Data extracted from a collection
————

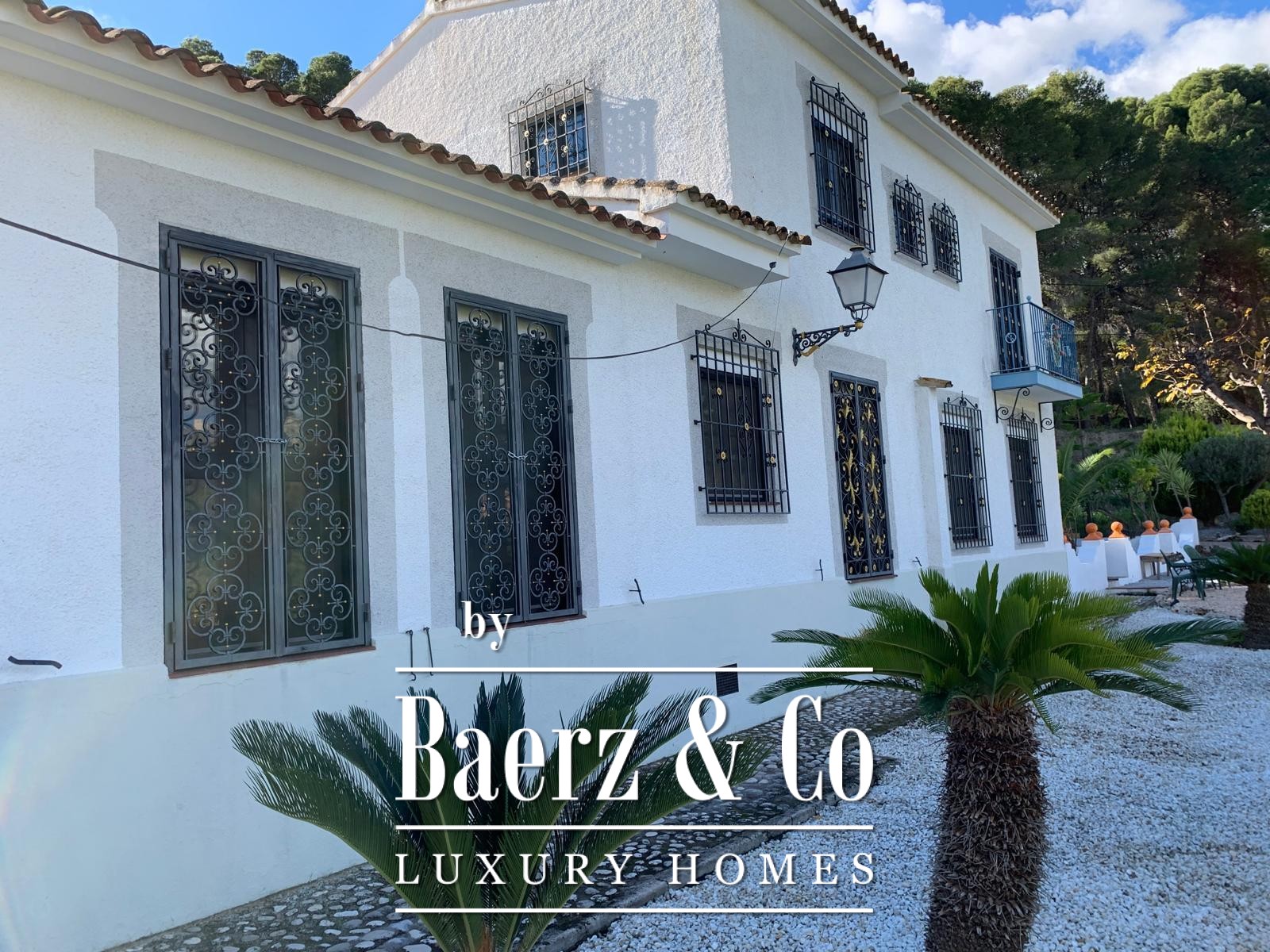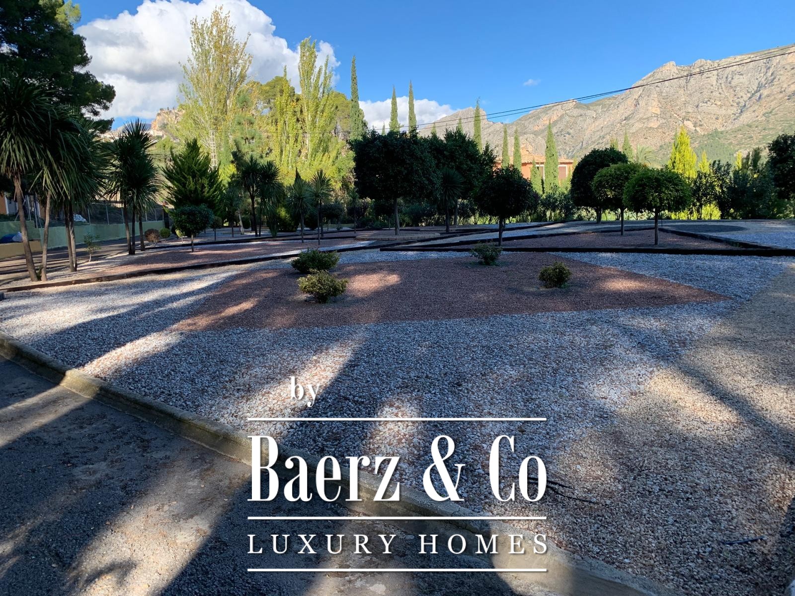 Esta villa rústica en Guadalest ofrece un refugio sereno enmarcado por la silueta imponente del Castillo de Guadalest. Ubicada discretamente en una generosa parcela de 5.750 m², la propiedad fusiona la arquitectura española clásica con un entorno natural envolvente. Al acceder, se percibe de inmediato una sensación de amplitud gracias a los techos altos y la abundante luz natural. La residencia principal se distribuye en dos niveles y suma aproximadamente 230 m², con seis dormitorios y cinco baños diseñados con privacidad y comodidad en mente.
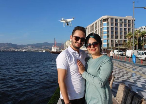 İzmir'de şaşırtan evlilik teklifi! Damat diz çöktü yüzük havadan geldi
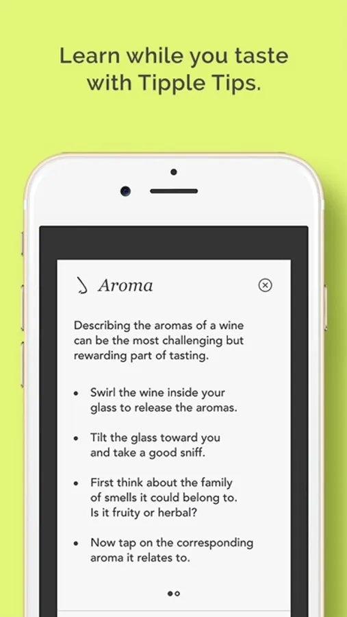 It's easy to get bamboozled with the jargon used in wine tastings - Tipple Tips is there to help every step of the way. Not sure of the words to use or worried you'll say something silly? Tipple takes out the guesswork and gives you a full range of industry vocabulary, right there on screen to pick from.
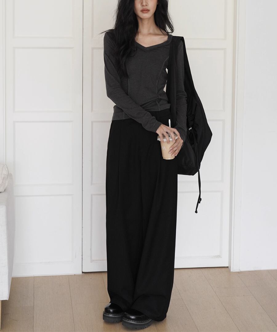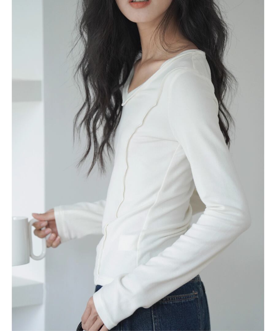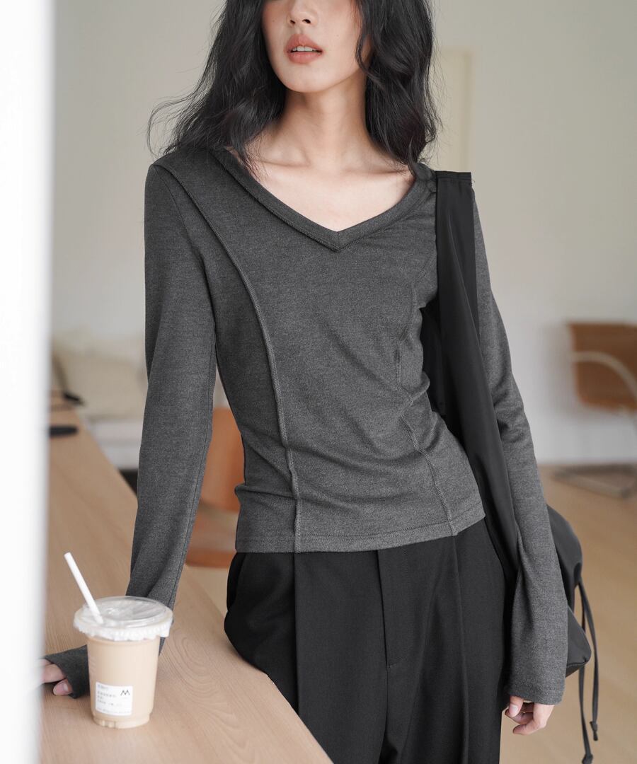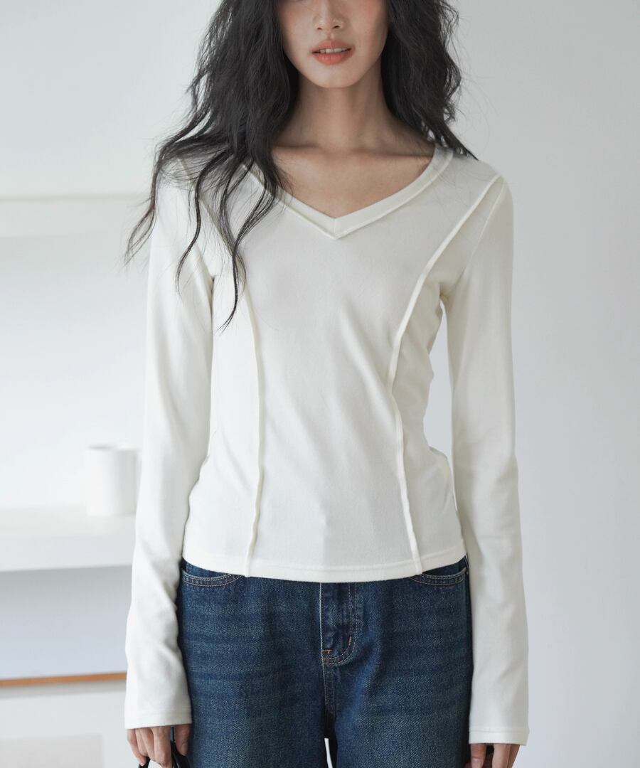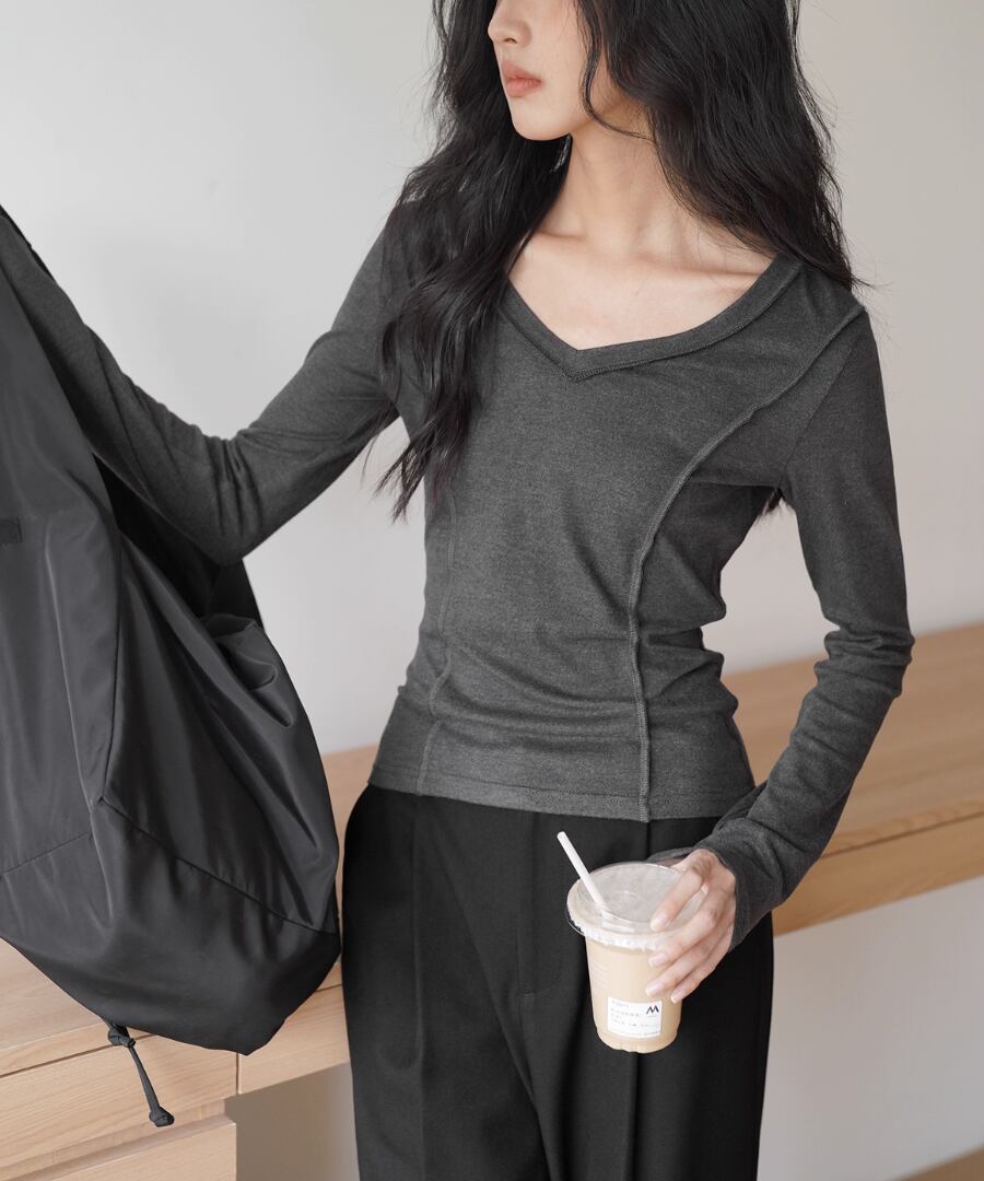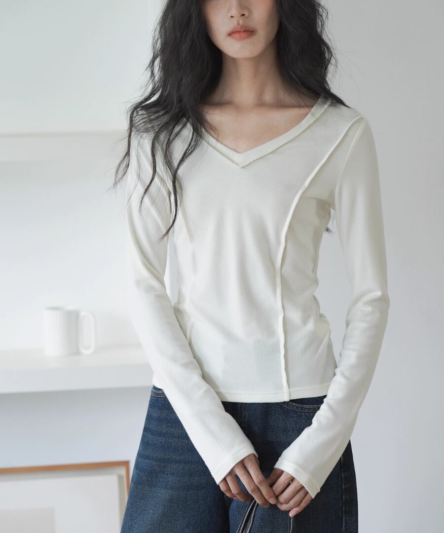 柔らかな肌触りで、スリムなシルエットが魅力のVネックTシャツ。
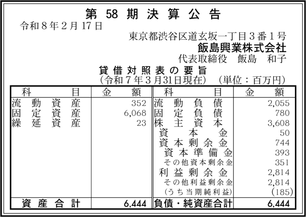 飯島商事株式会社閉鎖済み 東京都渋谷区 【2022年3月期】 |
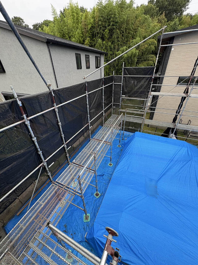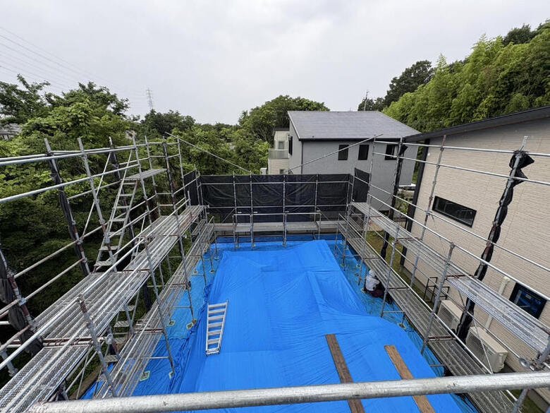 雨の予報なのでブルーシートで全て包み込んで養生します。
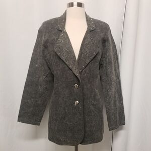 Vintage 70s Western Slate Wash Blazer Jean Jacket Gypsy Boho Studded Arrow
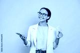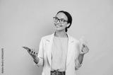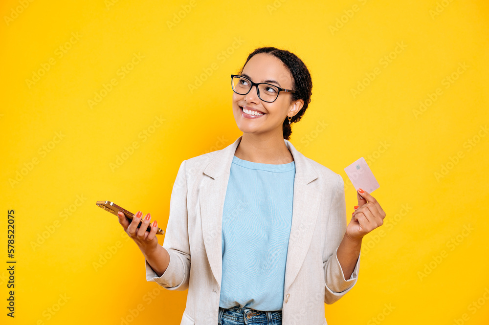 Positive confident pretty mixed race woman, stylishly dressed, banker, banking consultant, holds cellphone and credit card in hands, looks away, thinking, dreaming, smile, isolated yellow background

————

Give again, exactly as written above, every line from the one holding "It's easy to" to the one holding "Vintage 70s Western", with both ends kept and the pictures left out.

 It's easy to get bamboozled with the jargon used in wine tastings - Tipple Tips is there to help every step of the way. Not sure of the words to use or worried you'll say something silly? Tipple takes out the guesswork and gives you a full range of industry vocabulary, right there on screen to pick from.
 柔らかな肌触りで、スリムなシルエットが魅力のVネックTシャツ。
 飯島商事株式会社閉鎖済み 東京都渋谷区 【2022年3月期】 |
 雨の予報なのでブルーシートで全て包み込んで養生します。
 Vintage 70s Western Slate Wash Blazer Jean Jacket Gypsy Boho Studded Arrow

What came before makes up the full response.